(Data items)
================

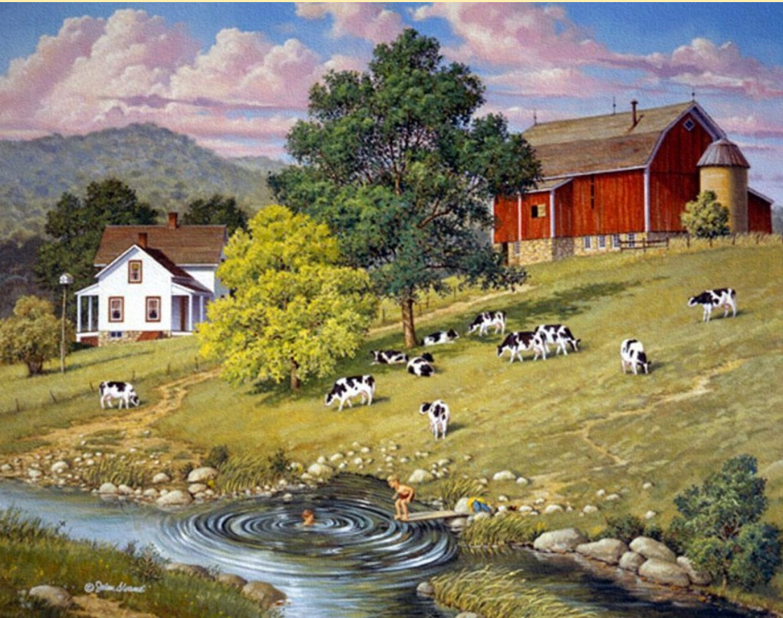
Summer farm scene

“Everything good, everything magical happens between the months of June and August.” – Jenny Han
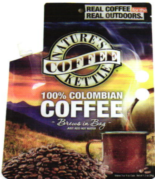
Nature's Coffee Kettle pouch.

Other alternatives which may see increased use in traditional plastics are new oxo-biodegradable additives. EPI Environmental Technologies' Totally Degradable Plastic Additives® are added to resins and can increase the speed of degradation of the plastic when it is exposed to ultraviolet light and high temperatures.
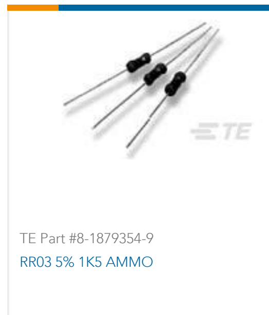
TE Part #8-1879354-9 RR03 5% 1K5 AMMO
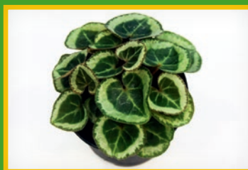
10% TerrAktiv® PLUS
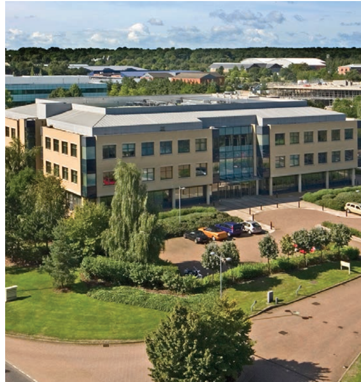
Travel Insurance Facilities Group's new home

Also new to Kings Hill is Future Home Care, which helps adults with disabilities live independently in their own home. It will now be based in 2 Kings Hill Avenue with its sister company Lifeways Community Care Ltd.
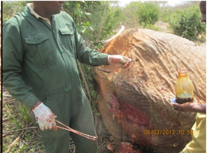
Above right: The vets removing the poisonous arrow from the elephant.
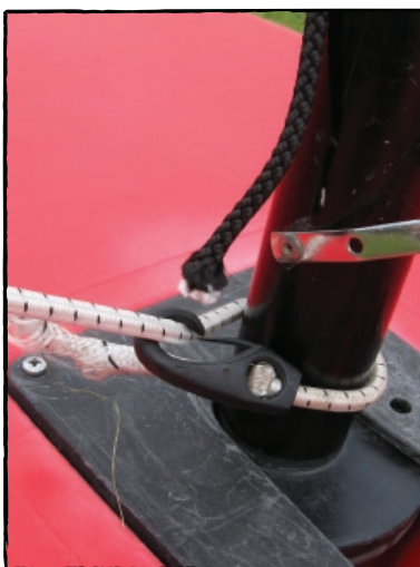
Photo 42, Secure the daggerboard

Using shock cord/bungee cord and a clip, attach the daggerboard to the mast (Picture 43) to stop it falling off in the event of you going for a swim.
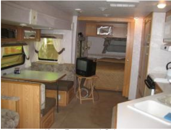
Kitchen/Family towards Bedroom
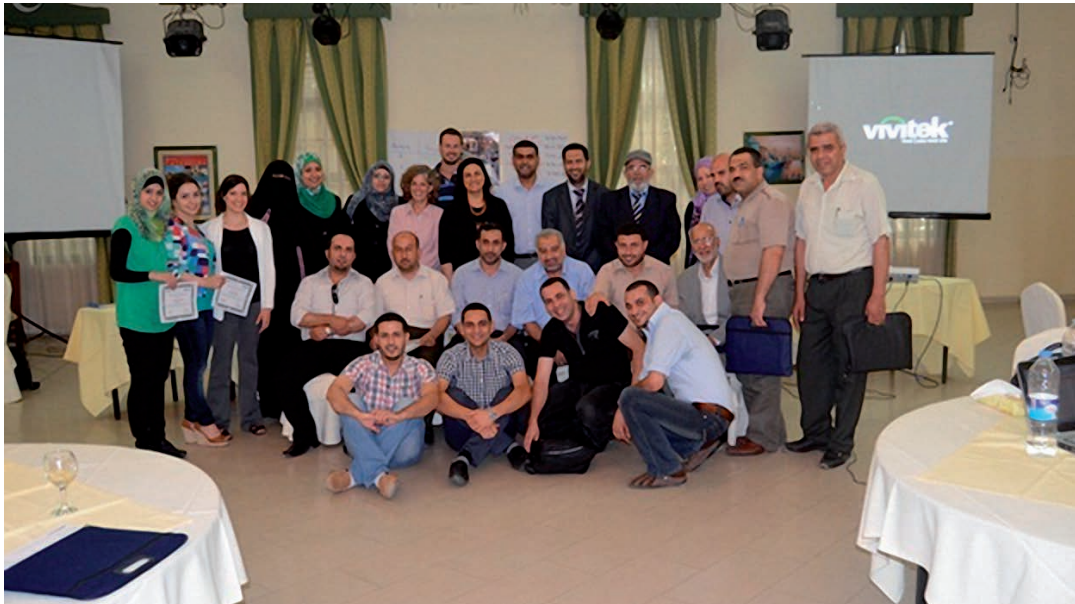
Participants of the Gaza Workshop (June 2013)
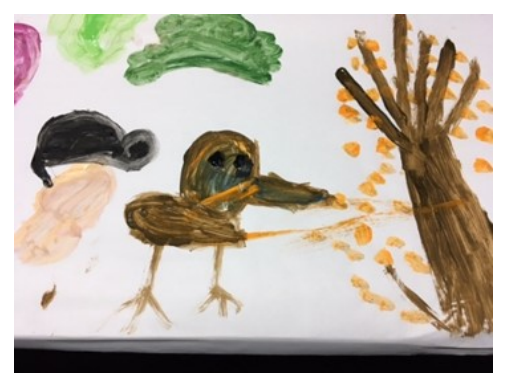
Above: Pelicans Below: Owl in a tree with bird flying by

================

Your objective - Determine how many lines of the data include the word "Above". Reply with the count and no other text.

Reply - 2